- _WHAT IS REQUIRED_
Which lines in the records below contain the word "waren"? Report each of them.

···

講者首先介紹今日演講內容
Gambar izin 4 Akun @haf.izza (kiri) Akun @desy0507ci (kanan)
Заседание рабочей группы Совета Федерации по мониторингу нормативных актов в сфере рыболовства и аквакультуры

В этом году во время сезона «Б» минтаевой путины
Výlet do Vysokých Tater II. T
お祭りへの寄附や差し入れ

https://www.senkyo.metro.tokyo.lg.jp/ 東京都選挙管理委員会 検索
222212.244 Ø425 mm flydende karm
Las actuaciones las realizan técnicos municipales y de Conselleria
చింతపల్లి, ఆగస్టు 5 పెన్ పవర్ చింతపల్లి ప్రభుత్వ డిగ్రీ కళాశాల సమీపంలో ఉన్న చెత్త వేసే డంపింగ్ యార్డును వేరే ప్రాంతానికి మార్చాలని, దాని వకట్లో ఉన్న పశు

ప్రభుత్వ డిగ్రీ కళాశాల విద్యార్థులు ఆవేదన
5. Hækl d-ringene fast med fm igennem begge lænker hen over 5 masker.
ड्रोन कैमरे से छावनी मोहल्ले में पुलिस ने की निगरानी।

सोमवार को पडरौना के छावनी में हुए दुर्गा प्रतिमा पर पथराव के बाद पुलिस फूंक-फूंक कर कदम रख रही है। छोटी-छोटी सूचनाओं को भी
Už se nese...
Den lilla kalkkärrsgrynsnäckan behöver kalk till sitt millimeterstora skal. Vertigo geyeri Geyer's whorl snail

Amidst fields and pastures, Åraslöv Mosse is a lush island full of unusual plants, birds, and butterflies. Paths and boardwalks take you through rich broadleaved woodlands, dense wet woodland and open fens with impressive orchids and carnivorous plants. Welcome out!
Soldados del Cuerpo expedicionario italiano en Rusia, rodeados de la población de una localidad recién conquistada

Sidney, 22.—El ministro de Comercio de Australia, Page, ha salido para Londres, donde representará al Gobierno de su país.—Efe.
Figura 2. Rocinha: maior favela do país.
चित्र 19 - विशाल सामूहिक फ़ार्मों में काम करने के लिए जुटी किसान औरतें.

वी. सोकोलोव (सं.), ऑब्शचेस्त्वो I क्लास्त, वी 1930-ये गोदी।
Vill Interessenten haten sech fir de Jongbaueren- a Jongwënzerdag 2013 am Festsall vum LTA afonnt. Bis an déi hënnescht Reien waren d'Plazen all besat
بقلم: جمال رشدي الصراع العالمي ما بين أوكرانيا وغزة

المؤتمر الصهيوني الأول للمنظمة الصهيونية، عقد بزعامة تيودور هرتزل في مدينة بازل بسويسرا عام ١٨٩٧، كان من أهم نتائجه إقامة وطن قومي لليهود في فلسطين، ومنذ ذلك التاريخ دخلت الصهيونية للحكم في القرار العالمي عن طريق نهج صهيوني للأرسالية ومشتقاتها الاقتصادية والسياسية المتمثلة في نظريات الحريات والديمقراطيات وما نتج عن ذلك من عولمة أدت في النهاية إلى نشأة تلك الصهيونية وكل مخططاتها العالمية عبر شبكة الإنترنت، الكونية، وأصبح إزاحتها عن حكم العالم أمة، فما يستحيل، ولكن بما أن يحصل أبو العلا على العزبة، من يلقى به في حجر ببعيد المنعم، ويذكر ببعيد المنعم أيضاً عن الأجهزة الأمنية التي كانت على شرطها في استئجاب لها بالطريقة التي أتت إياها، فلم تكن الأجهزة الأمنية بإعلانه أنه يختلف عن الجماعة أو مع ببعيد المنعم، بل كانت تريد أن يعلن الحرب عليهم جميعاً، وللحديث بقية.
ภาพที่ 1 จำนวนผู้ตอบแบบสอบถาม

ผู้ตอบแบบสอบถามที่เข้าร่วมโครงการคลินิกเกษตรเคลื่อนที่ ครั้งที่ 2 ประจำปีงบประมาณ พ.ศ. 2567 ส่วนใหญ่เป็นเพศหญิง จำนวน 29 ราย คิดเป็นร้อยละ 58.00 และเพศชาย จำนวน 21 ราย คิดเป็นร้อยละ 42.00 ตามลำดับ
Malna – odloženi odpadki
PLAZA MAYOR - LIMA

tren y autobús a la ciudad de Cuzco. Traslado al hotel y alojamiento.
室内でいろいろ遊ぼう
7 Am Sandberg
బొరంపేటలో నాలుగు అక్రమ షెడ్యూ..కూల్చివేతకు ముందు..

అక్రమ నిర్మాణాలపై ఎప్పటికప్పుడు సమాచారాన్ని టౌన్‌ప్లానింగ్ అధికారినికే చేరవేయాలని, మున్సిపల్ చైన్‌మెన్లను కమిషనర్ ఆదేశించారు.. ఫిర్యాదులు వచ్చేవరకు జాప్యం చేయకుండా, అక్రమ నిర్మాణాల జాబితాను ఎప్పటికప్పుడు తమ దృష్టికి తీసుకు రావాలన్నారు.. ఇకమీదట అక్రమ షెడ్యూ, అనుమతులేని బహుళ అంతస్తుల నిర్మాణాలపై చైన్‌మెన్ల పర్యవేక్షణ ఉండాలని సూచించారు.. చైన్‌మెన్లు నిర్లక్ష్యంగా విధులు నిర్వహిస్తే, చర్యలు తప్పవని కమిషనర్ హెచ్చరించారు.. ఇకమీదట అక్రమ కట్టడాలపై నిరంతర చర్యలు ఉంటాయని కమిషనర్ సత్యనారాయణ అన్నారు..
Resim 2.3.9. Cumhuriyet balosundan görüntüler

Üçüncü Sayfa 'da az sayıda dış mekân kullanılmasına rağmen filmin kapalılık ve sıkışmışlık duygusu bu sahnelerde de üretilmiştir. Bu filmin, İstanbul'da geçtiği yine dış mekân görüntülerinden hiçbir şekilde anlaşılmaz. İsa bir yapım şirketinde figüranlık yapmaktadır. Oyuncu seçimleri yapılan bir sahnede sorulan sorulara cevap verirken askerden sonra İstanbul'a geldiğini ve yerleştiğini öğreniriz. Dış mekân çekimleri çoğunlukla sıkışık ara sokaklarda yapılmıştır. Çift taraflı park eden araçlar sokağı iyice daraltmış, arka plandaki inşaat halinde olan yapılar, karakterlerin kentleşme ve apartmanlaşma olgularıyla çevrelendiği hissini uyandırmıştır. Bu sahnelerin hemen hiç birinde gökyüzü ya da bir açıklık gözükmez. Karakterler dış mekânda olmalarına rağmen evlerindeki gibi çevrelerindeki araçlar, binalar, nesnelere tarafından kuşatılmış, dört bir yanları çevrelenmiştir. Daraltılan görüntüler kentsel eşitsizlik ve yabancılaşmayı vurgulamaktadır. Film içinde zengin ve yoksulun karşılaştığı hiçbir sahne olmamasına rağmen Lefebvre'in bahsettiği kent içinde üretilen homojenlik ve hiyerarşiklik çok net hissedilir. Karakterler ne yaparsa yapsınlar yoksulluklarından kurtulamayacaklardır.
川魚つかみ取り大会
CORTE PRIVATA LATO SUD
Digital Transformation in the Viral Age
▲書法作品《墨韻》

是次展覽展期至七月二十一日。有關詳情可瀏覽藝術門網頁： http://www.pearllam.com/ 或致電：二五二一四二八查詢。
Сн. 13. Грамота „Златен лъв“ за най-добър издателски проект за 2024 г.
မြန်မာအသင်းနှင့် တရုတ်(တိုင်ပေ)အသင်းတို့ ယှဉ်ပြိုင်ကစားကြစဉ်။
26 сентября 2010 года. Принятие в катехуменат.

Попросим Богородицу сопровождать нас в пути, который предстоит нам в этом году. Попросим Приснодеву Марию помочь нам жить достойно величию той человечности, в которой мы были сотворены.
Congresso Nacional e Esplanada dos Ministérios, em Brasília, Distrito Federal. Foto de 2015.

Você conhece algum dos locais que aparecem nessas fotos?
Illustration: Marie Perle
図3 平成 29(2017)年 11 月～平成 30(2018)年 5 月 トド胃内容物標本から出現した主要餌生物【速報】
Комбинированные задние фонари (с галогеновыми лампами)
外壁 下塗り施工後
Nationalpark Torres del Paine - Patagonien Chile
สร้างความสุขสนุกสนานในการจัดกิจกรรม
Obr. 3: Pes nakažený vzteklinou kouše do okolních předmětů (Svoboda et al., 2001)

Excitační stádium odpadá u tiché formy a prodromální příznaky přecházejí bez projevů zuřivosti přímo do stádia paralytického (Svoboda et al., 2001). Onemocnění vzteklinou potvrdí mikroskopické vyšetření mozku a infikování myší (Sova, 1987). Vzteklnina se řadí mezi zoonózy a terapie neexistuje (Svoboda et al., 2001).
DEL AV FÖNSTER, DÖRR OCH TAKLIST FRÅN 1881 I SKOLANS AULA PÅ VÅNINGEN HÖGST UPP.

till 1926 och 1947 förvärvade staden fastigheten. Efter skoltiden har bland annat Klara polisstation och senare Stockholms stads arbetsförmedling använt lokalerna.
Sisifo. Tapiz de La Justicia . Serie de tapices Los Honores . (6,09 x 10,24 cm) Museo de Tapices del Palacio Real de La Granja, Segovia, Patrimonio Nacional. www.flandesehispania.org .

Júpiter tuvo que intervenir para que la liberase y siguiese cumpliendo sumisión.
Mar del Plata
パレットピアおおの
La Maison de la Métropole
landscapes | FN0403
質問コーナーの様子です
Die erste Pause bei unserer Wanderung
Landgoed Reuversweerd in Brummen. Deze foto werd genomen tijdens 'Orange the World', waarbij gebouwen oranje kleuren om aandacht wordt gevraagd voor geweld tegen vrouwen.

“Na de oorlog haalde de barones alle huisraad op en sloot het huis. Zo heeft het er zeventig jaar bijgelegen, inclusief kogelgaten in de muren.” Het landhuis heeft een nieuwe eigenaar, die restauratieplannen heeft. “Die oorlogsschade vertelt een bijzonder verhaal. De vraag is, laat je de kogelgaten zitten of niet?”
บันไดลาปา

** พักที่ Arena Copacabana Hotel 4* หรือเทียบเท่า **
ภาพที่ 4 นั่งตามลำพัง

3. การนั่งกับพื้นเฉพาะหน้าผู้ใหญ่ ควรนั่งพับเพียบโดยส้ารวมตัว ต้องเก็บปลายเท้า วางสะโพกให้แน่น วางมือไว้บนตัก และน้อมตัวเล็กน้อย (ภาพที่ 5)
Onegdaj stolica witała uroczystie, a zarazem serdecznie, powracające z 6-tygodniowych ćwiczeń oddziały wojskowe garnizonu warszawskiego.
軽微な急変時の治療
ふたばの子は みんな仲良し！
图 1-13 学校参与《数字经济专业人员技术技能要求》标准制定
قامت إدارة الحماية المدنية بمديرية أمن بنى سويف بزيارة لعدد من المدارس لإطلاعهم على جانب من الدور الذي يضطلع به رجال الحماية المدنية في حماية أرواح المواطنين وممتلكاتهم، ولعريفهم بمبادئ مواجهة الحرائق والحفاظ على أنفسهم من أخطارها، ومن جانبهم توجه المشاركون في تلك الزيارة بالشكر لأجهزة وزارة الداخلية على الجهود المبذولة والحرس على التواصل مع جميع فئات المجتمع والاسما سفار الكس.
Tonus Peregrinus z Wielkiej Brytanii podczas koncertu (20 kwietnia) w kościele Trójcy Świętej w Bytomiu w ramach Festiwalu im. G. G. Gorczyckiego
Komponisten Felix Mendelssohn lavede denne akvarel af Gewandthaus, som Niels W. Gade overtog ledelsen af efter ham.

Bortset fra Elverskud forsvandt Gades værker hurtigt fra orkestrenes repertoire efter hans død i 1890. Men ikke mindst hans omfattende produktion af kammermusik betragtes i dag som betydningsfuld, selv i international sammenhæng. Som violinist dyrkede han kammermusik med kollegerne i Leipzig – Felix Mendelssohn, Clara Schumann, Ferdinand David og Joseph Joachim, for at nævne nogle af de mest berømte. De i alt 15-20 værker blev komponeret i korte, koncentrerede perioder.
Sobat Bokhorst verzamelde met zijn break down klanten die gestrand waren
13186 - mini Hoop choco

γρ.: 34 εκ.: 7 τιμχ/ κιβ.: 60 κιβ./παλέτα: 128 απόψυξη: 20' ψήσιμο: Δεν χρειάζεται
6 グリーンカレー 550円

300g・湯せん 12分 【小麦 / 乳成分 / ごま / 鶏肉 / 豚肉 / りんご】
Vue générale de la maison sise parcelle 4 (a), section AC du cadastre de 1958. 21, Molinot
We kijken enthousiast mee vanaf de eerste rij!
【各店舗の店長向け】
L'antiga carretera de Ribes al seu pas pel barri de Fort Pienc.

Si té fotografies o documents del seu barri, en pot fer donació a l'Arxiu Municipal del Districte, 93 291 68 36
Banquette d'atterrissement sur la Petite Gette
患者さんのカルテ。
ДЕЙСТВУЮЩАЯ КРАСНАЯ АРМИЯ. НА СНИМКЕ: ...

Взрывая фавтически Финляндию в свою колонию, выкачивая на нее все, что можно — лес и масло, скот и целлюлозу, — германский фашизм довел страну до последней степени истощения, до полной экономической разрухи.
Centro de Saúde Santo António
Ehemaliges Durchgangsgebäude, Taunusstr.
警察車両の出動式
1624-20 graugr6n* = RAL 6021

···

- _SOLUTION TO THIS PROBLEM_
Vill Interessenten haten sech fir de Jongbaueren- a Jongwënzerdag 2013 am Festsall vum LTA afonnt. Bis an déi hënnescht Reien waren d'Plazen all besat
Sobat Bokhorst verzamelde met zijn break down klanten die gestrand waren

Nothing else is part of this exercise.